Hungary to Romania Bond Bulls Run With Belka’s Rate Cut

Bond bulls in Hungary and Romania are taking their cue from Poland’s surprise interest-rate cut, betting borrowing costs across the region have room to decline.

Hungarian 10-year yields slid the most in a year last week, with yields on similar Romanian securities recording the biggest drop in seven weeks. Polish central bank Governor Marek Belka reduced the benchmark by twice the amount analysts’ predicted on Oct. 8, slicing it 50 basis points to a record 2 percent.

Investors may be preparing for central banks in the region to respond as the economies of post-communist European Union nations sputter amid a euro-region slump and trade disruptions with Russia because of the crisis in Ukraine. While Hungary has said its cycle of rate cuts has concluded, Romania will reassess its stance on borrowing costs following the move by Poland, deputy central bank Governor Bogdan Olteanu said Oct. 9.

“There’s been a shift in market sentiment and everybody’s back to cutting,” Daniel Bebesy, a money manager at Budapest Fund Management, who helps oversee $2 billion in assets, said by phone Oct. 10. “Hungary had previously jumped ahead in cutting rates. What we used to see as a risky policy may now be viewed as a more proactive stance compared with regional peers.”

Hungary’s bonds returned 2.6 percent in dollar terms this month, the third-best performance among 31 countries in the Bloomberg Emerging Market Local Sovereign Index. Poland, with a 0.9 percent gain, is ninth and Romania, at 0.7 percent, is 12th.

‘Considerable Symmetry’

There is “considerable symmetry” between business and inflation cycles in the region’s economies, which gives Hungarian and Romanian bonds “room to catch up,” Koon Chow, the London-based head of emerging-markets strategy at Barclays Plc, wrote in a report Oct. 9, recommending buying forint bonds maturing in 2018, 2022 and 2023 and leu bonds due 2017 and 2023.

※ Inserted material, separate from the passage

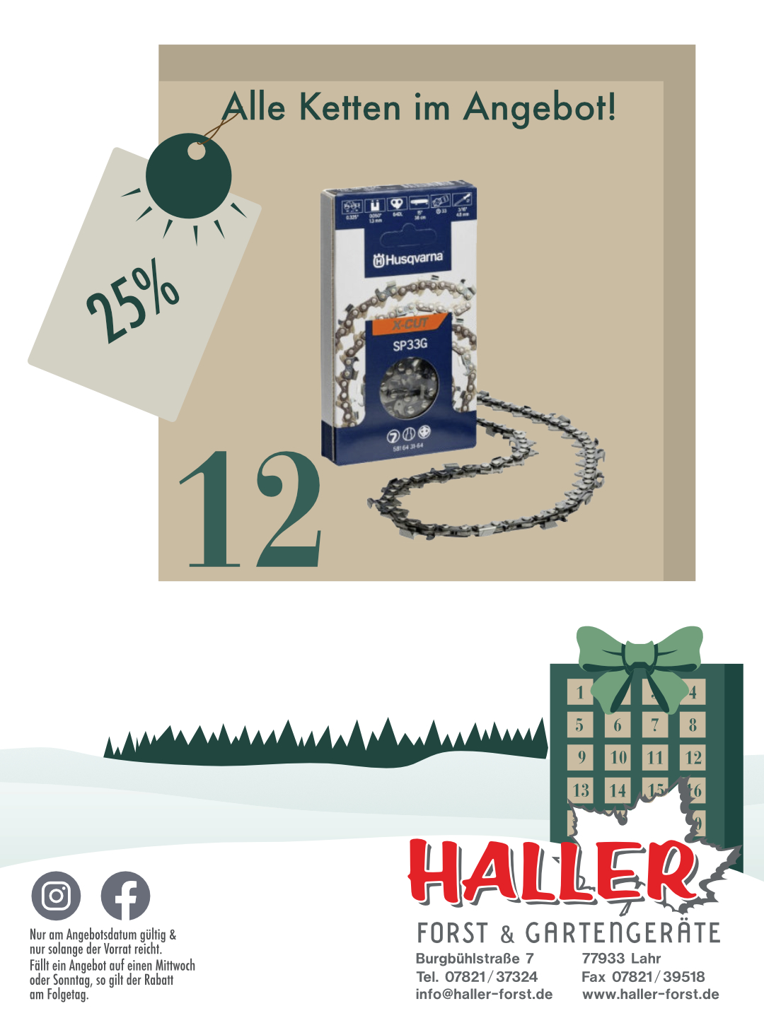 mehr lesen ...Alle Ketten im Angebot. Perfekt für den Winterdienst und deine Sägearbeit. Heute 25 Prozent Rabatt bei Haller

Poland has $236 billion of outstanding sovereign debt, according to data compiled by Bloomberg, the most in eastern Europe and 43 percent more than the $165 billion total for Hungary and Romania combined.

Industrial output in Poland and Hungary declined year on year in August, reflecting the steepest drop in German manufacturing since January 2009, when the euro area was sliding into its debt crisis. Consumer-price growth in the two central European economies fell below zero, with Hungary’s inflation dropping last month to the least since the 1960s.

Poland’s monetary-policy reaction to the downturn brought its key interest rate below Hungary’s benchmark of 2.1 percent for the first time since May. Hungary may need to keep the rate on hold through 2015, central bank Deputy Governor Adam Balog was quoted as saying by MTI news service today. Romania cut its main rate 25 basis points to a record 3 percent this month.

‘Catch Up’

While Poland’s peers can’t disregard its “aggressive” easing, the cut in borrowing costs was more important for zloty government bonds, according to Lukasz Witkowski, who helps manage 15.9 billion zloty ($4.8 billion) in assets at Warsaw-based mutual fund PKO TFI SA.

“The cut has de facto allowed Poland to catch up with the level Hungary was already at,” he said by e-mail Oct. 10, adding that Romania “probably has space” for lower rates.

The yield on Hungary’s 10-year government bonds slumped 40 basis points last week to 4.25 percent, the biggest weekly decline since September 2013, while that on Romanian securities fell 15 basis points. The yield on similar Polish debt tumbled 29 basis points, the most since July, to a record 2.75 percent.

Hungary’s forint strengthened 1.5 percent against the euro last week, the best performance among 24 emerging-market currencies tracked by Bloomberg, and traded little changed at 305.52 in Budapest today. The leu gained 0.1 percent to 4.4014 per euro, while the zloty was steady at 4.1901.

“The Polish market is usually a proxy for the region,” Stephan Imre, a Vienna-based economist at Raiffeisen Bank International AG, said by phone Oct. 10. “We don’t think Hungary will cut rates, but speculation regarding the resumption of the easing cycle will drive yields lower.”